═══ LISTED ENTRIES

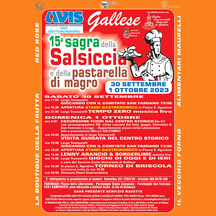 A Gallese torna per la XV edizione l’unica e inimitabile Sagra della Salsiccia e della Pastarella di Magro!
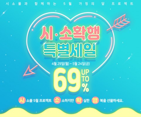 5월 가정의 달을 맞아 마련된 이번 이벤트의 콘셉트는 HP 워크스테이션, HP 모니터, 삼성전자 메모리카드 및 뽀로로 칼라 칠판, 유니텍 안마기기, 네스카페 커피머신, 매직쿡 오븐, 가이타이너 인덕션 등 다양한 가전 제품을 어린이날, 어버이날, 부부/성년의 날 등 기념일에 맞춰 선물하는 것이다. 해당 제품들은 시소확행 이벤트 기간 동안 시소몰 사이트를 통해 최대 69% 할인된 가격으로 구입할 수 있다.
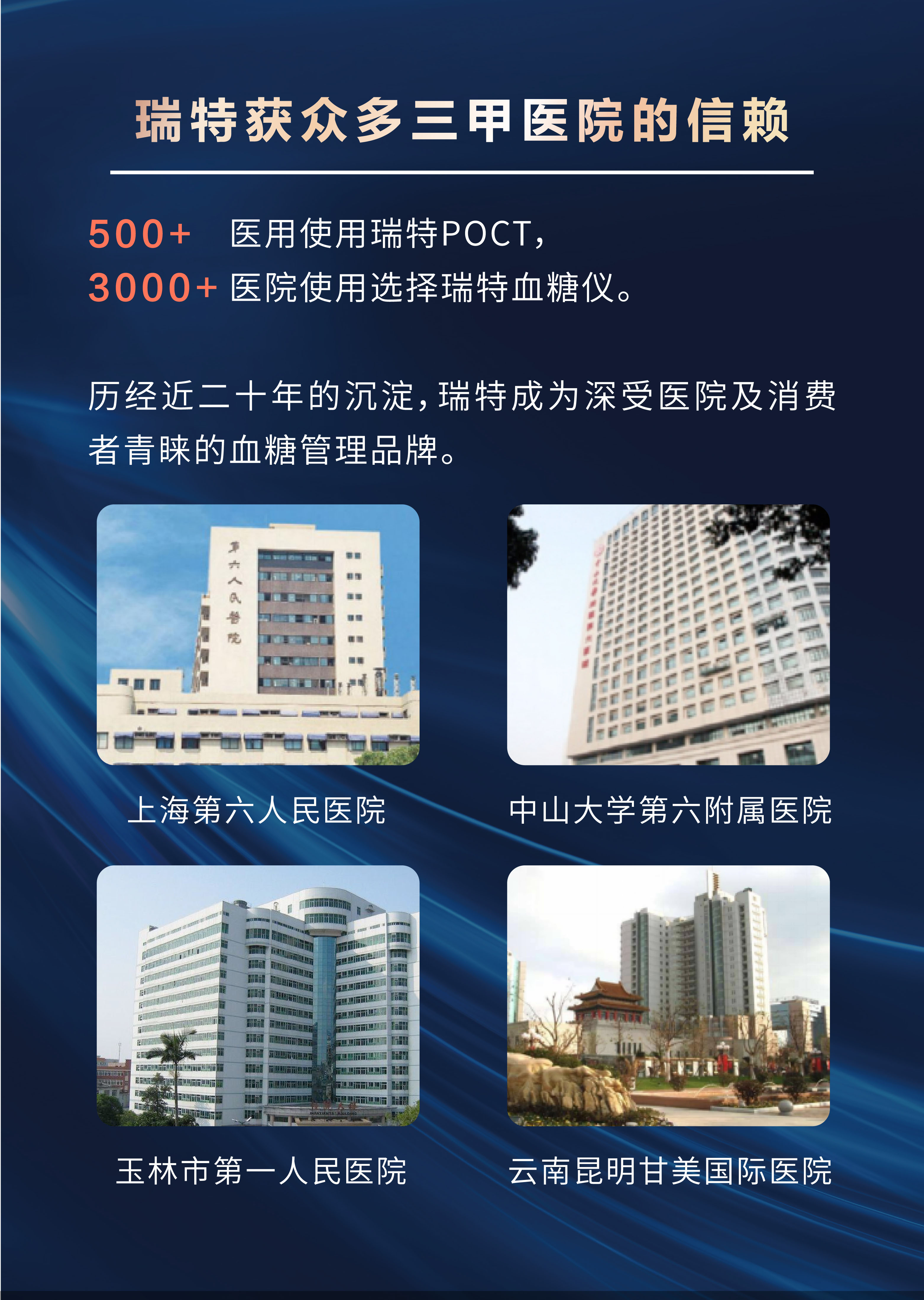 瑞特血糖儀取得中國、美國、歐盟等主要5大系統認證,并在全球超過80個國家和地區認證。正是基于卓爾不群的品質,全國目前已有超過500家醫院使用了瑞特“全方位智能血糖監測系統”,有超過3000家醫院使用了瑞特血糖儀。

══════
═══ LISTED ENTRIES

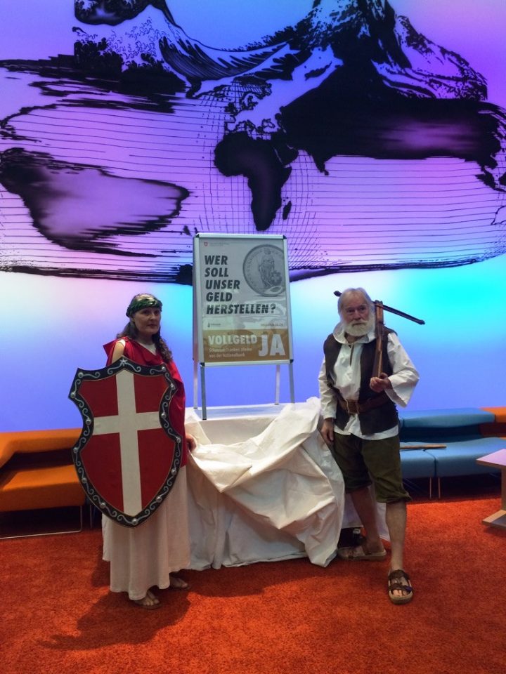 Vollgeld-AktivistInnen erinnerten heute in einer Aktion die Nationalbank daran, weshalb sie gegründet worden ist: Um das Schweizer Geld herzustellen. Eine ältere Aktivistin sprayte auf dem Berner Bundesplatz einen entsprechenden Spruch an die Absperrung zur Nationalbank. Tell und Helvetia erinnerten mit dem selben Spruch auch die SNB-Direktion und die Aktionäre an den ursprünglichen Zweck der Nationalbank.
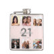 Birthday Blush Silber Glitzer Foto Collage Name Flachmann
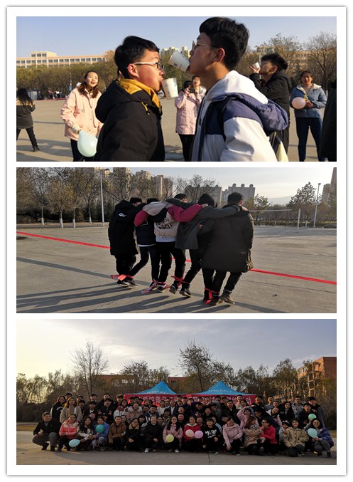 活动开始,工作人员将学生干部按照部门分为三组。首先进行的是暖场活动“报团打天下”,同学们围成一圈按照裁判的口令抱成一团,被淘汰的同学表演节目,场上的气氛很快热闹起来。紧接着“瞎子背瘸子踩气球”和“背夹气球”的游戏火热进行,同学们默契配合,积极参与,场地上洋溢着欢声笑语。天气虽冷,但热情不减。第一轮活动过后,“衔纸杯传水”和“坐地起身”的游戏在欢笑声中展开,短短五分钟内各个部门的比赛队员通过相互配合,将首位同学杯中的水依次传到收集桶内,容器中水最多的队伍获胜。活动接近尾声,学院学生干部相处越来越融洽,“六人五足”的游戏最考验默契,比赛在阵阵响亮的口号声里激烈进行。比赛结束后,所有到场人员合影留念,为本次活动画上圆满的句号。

══════

YOUR GOAL
Above are records; repeat only the lines from the line with "Vollgeld-AktivistInnen erinnerten heute" through the line with "Birthday Blush Silber", and leave pictures out.

SOLUTION FOR THIS EXERCISE
 Vollgeld-AktivistInnen erinnerten heute in einer Aktion die Nationalbank daran, weshalb sie gegründet worden ist: Um das Schweizer Geld herzustellen. Eine ältere Aktivistin sprayte auf dem Berner Bundesplatz einen entsprechenden Spruch an die Absperrung zur Nationalbank. Tell und Helvetia erinnerten mit dem selben Spruch auch die SNB-Direktion und die Aktionäre an den ursprünglichen Zweck der Nationalbank.
 Birthday Blush Silber Glitzer Foto Collage Name Flachmann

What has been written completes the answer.